Судовой журнал «Каменного облака», капитан Том Мадд
Вавилонская башня крутила и вертела ветрами, как ей хотелось. Сталкиваясь с ее неровной поверхностью, воздушные течения нарушались и меняли направление, словно волны у песчаной косы. К некоторым портам можно было подойти только в определенные часы и при благоприятной погоде. Другие опустели из-за небольшого сдвига в воздушном потоке, который сделал их недоступными. Воздушная навигация вокруг Башни требовала бесконечного пересмотра карт, пристального наблюдения за сигнальными устройствами и безграничного мужества.
И самое главное – для выживания в ветрах около Башни требовалась счастливая команда, а каждому ее члену для счастья требовался на борту уголок, который можно было бы назвать своим. Без этого воздухоплаватели ощущали себя загнанными в ловушку. Они препирались и ворчали. Итак, каждый член команды «Каменного облака» подыскал себе особое местечко и удалялся туда, если позволяли обстоятельства.

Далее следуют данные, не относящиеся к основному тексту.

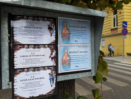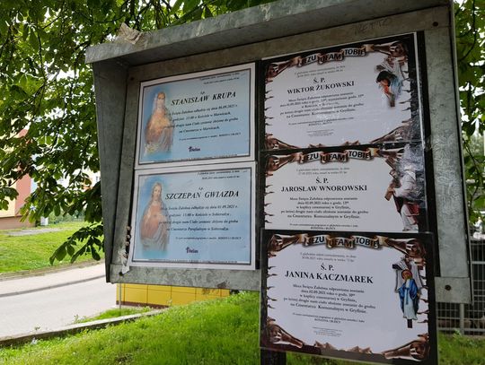 Na tablicach informacyjnych widzimy dziś (31 sierpnia 2021 r.) klepsydry z następującymi nazwiskami:
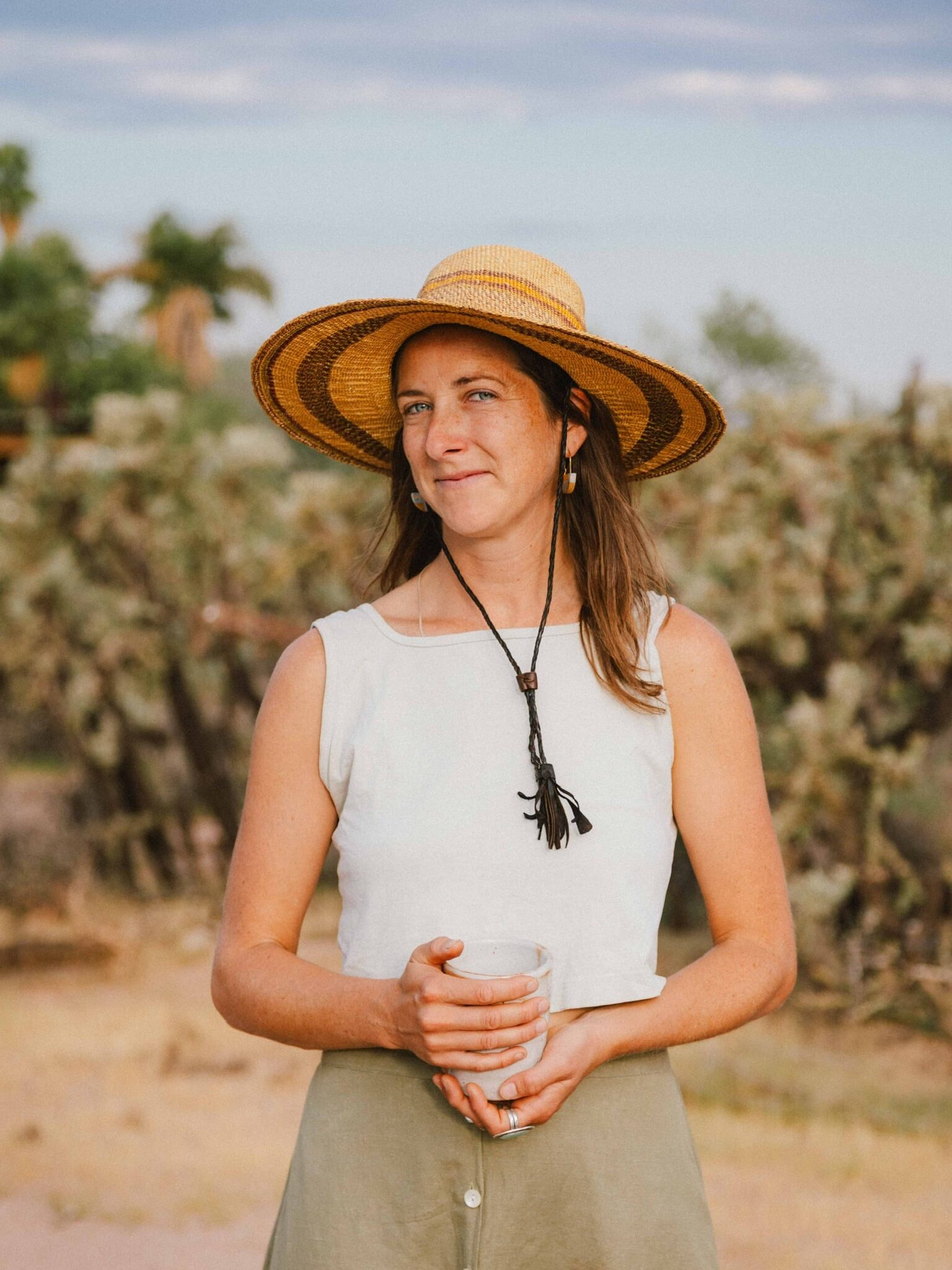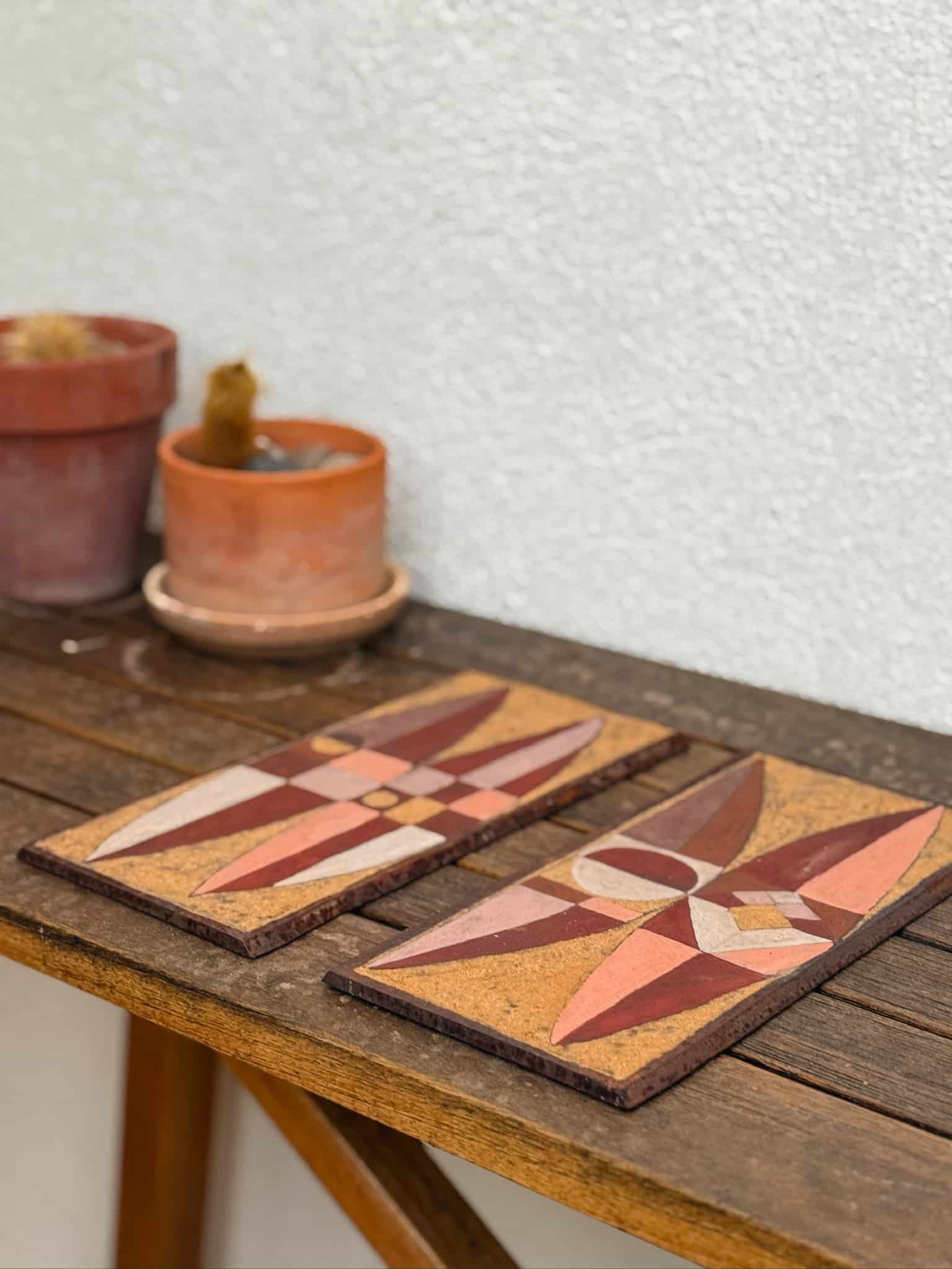 Lisa Rooney is a multi-disciplinary artist who works with ceramics, murals, 2D, earth works, jewelry, and photo. You can find more of her work here. She spent her time at the inn creating ceramics using the natural pigments we were surrounded by here in the Sonoran Desert. We loved seeing her creating in multiple places around the inn: the Cholla Room’s private patio, next to the communal fire pit and in the dining room in the main kitchen!
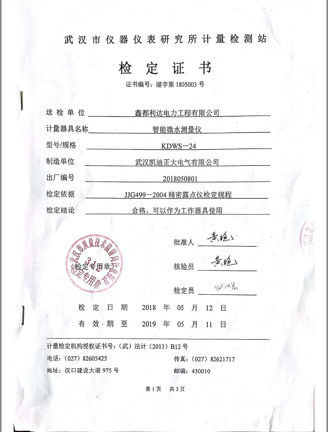 武漢市儀器儀表研究所計量檢測站,計量檢定機構(gòu)授權(quán)證書:(武)法計(2013)B12號。武漢凱迪正大電氣有限公司生產(chǎn)的KDWS-24智能微水測量儀,出廠編號2018050801,符合檢定依據(jù)JJG499-2004精密露點儀檢定規(guī)程,可以作為工作器具使用。獲得武漢市儀表研究院計量站檢定證書,證書編號:濕字第1805003號。

Адам обосновался в главном грузовом отсеке, хотя проводил в нем мало времени. Там было темно, потолки нависали над головой, и обстановка в целом наводила на мысли о чреве кита. Юноша предпочитал потрясающий вид с приподнятого квартердека, предпочитал стоять у руля. Будучи прирожденным инженером, Адам мечтал однажды демонтировать и заново собрать корабль и его управляющие системы, сделать их лучше. Но пока что им приходилось полагаться на ветер, который большей частью и направлял «Каменное облако». Адам мог только перемещать корабль вверх и вниз, дросселируя нагревательный элемент и выпуская балласт из переднего бака, хотя это считалось крайней мерой: пополнять резервуар было утомительно и он к тому же служил команде ванной.
Ирен и Волета заняли кают-компанию. Еще недавно та служила казармой для дюжины матросов Билли Ли и оттого провоняла грязной обувью. Новые жилички принялись обустраиваться: сорвали большую часть гамаков, проветрили помещение и выдраили каждый дюйм сладко пахнущим сосновым мылом. Старую одежду выбросили в иллюминатор, хотя Волета сохранила – и беспощадно прокипятила – несколько небольших предметов гардероба, которые можно было подогнать под нее. Она пришла на корабль в шали поверх синего трико – наряда, который носила во время заточения в «Паровой трубе». Она пришпилила трико к стене каюты, где оно висело, как безголовая тень: напоминание о жизни, которая осталась позади.
Спальня Эдит, изначально штурманская рубка, была всего лишь чуланом, где гуляли сквозняки. Стены украшали старые сигнальные флаги из поблекшего флагдука[2] и поеденные тараканами карты. Она заняла это помещение, когда корабль находился под командованием Билли Ли, потому что только оно надежно запиралось. Первое время на борту «Каменного облака» она страдала от лихорадки и слабела от инфекции, которая в конечном счете сожрала ее руку. Старпом отказалась подробнее рассказать об этом испытании, и Сенлин не настаивал. Значение имело лишь то, что штурманская рубка уберегла Эдит, когда она была наиболее уязвима, и «мистер Уинтерс» очень привязалась к этой комнатке.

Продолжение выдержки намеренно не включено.